**WHAT TO WORK ON**
In the entries below, begin at the line that has "[加绒软壳裤]马克珍妮男女童防风降落伞裤儿童裤子秋冬新款551272", stop after the line that has "Carnilove este o", and output those lines exactly with no pictures.

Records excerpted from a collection
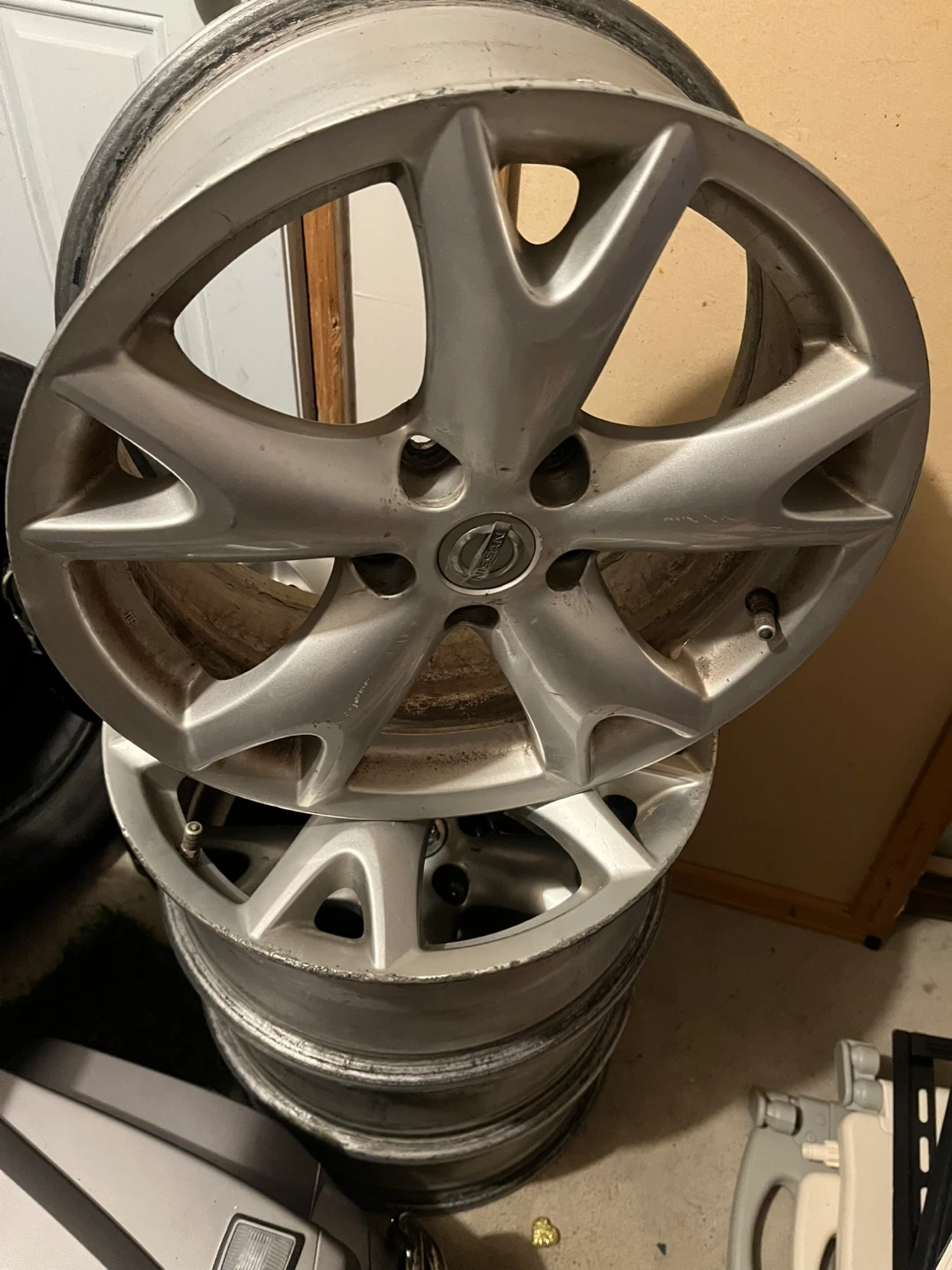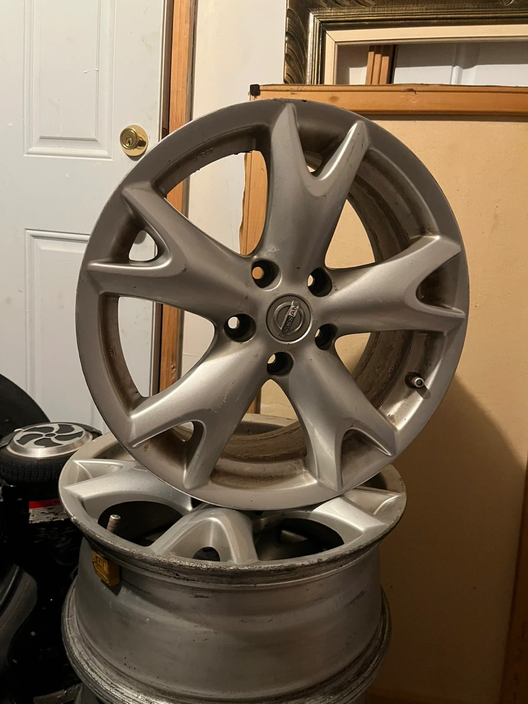 5Selling a set of four Nissan rims in silver. They show some signs of wear, but are still in good condition and ready to be used!
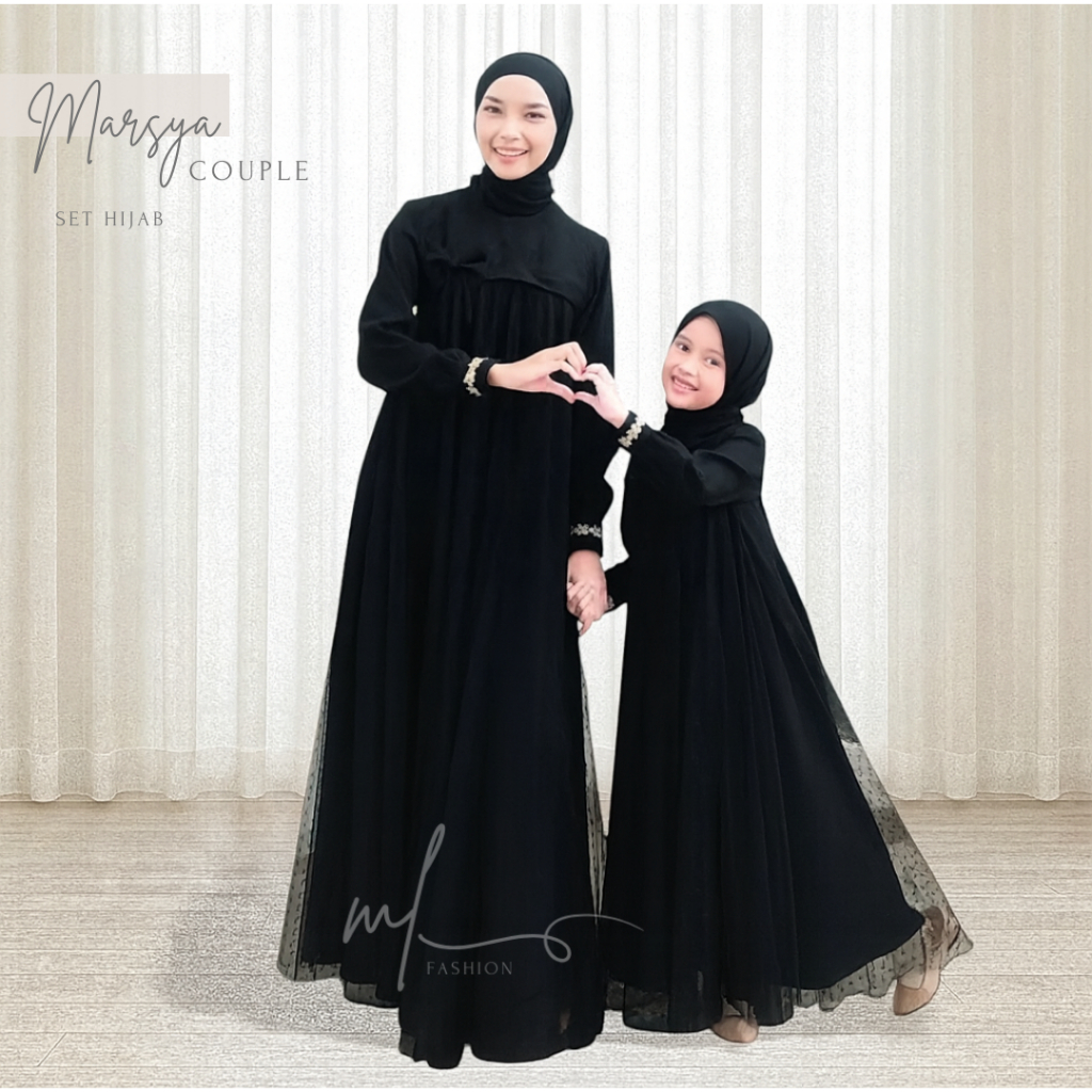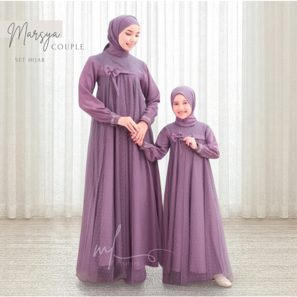 Baju Gamis Couple Mom And Kids Dress Ibu Dan Anak Couple Gaun Crinkle Airflow Mix Tile Dot
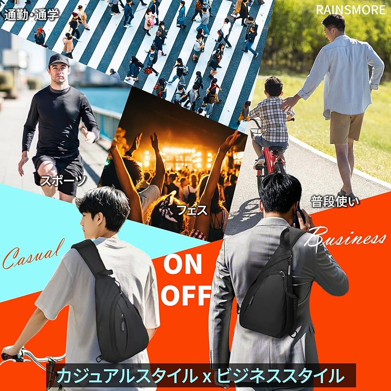The shoulder strap of the men's body bag is equipped with a smartphone pouch and mesh pocket, allowing you to separately store small items such as your mobile phone, keys, earphones, and transportation IC card.The smartphone pouch allows you to keep your smartphone in front of your chest even when worn on the back, allowing quick access when making calls or taking photos, and securely secures it in a dedicated pocket, which helps prevent it from falling and preventing theft.In addition, you can easily take out your smartphone even when your hands are occupied, such as when hiking or cycling, which relieves you from the stress of searching for it in your bag.
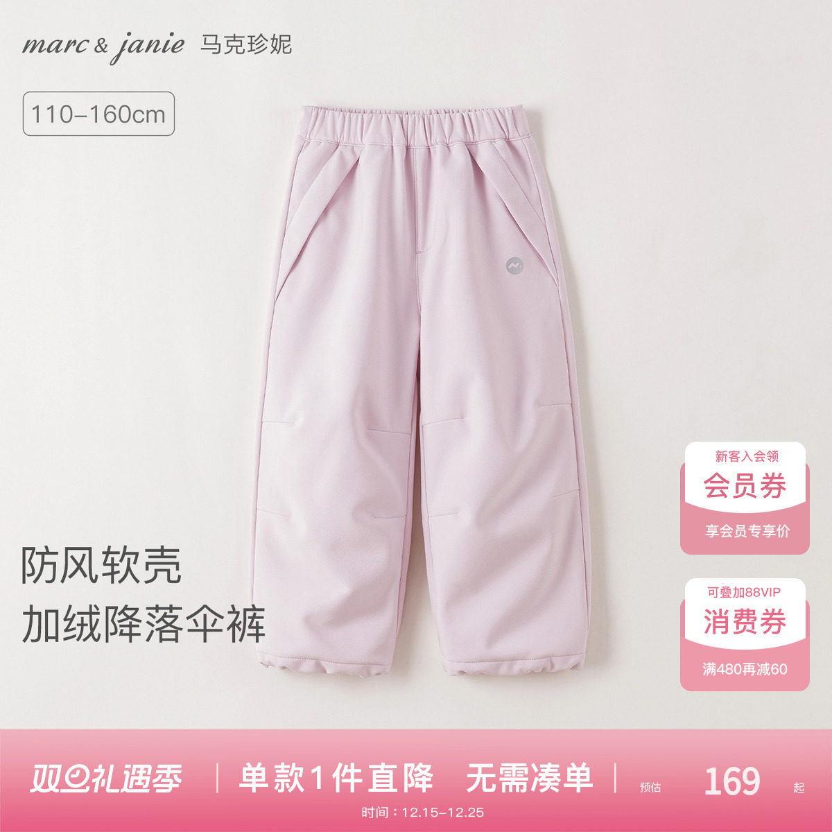 [加绒软壳裤]马克珍妮男女童防风降落伞裤儿童裤子秋冬新款551272
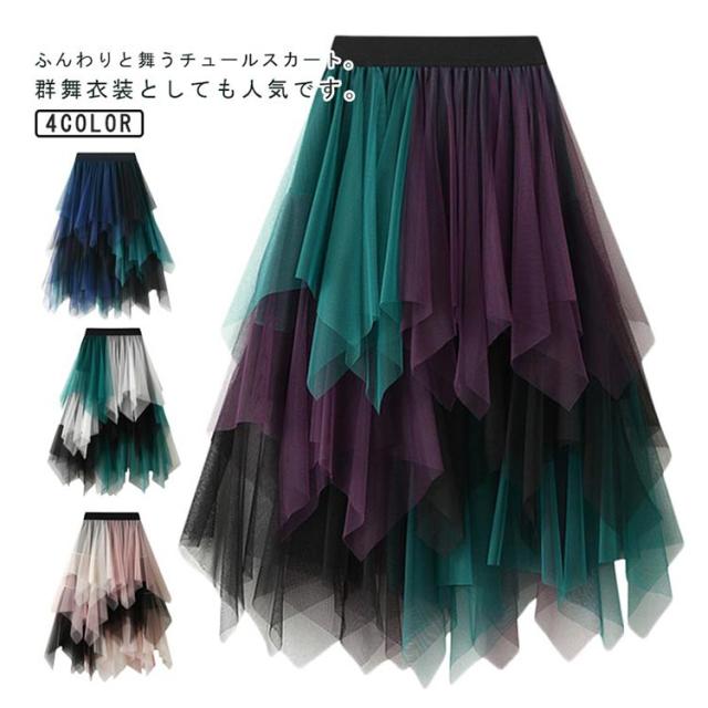 ダンス ふんわりと舞う ロング チュールスカート ボリューム 社交ダンス チュチュ パニエ アシンメトリー チュール ロングスカート バレエ コンテンポラリー スカート ヒップホップ ベリーダンス ダンス コスチューム シフォン ふんわりと舞う ステージ衣装
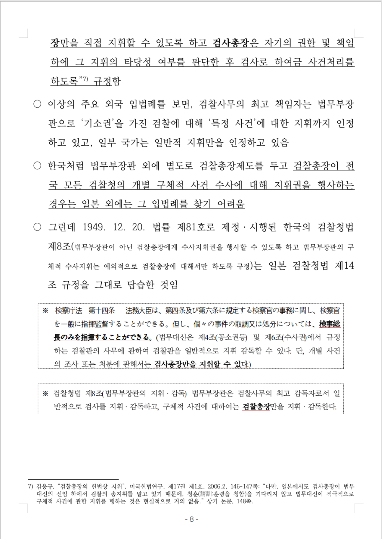 ○ 그런데 1949. 12. 20. 법률 제81호로 제정ㆍ시행된 한국의 검찰청법 제8조(법무부장관이 아닌 검찰총장에게 수사지휘권을 행사할 수 있도록 하고 법무부장관의 구체적 수사지휘는 예외적으로 검찰총장에 대해서만 하도록 규정)는 일본 검찰청법 제14조 규정을 그대로 답습한 것임
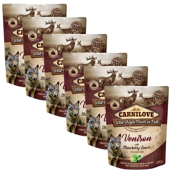 Carnilove este o hrană umedă, în pliculeț, pentru câinii adulți, cu carne de vânat și frunze de căpșuni, fără cereale sau cartofi.
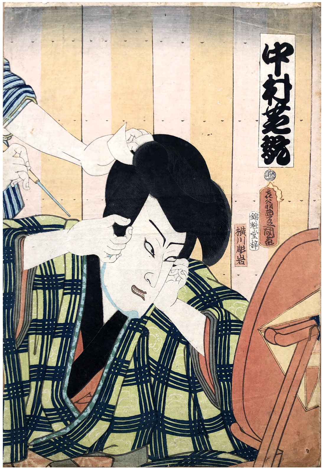 Condition: One worm hole, remnants from prior mounting (Tape), mild soiling.
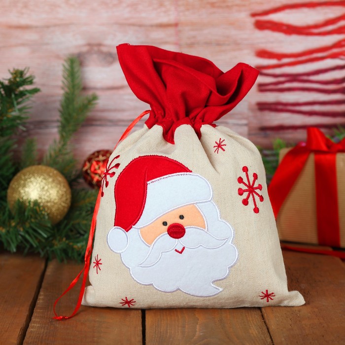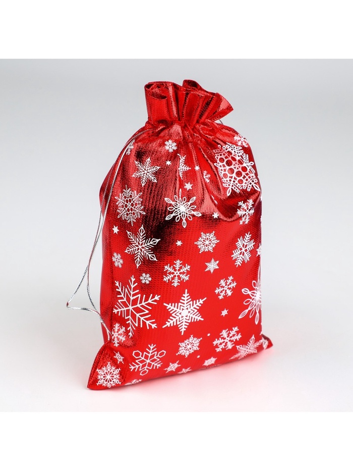 Мешок новогодний для подарков «Дед Мороз и снежинки», на завязках, 29 × 22 см

**WRITTEN SOLUTION**
 [加绒软壳裤]马克珍妮男女童防风降落伞裤儿童裤子秋冬新款551272
 ダンス ふんわりと舞う ロング チュールスカート ボリューム 社交ダンス チュチュ パニエ アシンメトリー チュール ロングスカート バレエ コンテンポラリー スカート ヒップホップ ベリーダンス ダンス コスチューム シフォン ふんわりと舞う ステージ衣装
 ○ 그런데 1949. 12. 20. 법률 제81호로 제정ㆍ시행된 한국의 검찰청법 제8조(법무부장관이 아닌 검찰총장에게 수사지휘권을 행사할 수 있도록 하고 법무부장관의 구체적 수사지휘는 예외적으로 검찰총장에 대해서만 하도록 규정)는 일본 검찰청법 제14조 규정을 그대로 답습한 것임
 Carnilove este o hrană umedă, în pliculeț, pentru câinii adulți, cu carne de vânat și frunze de căpșuni, fără cereale sau cartofi.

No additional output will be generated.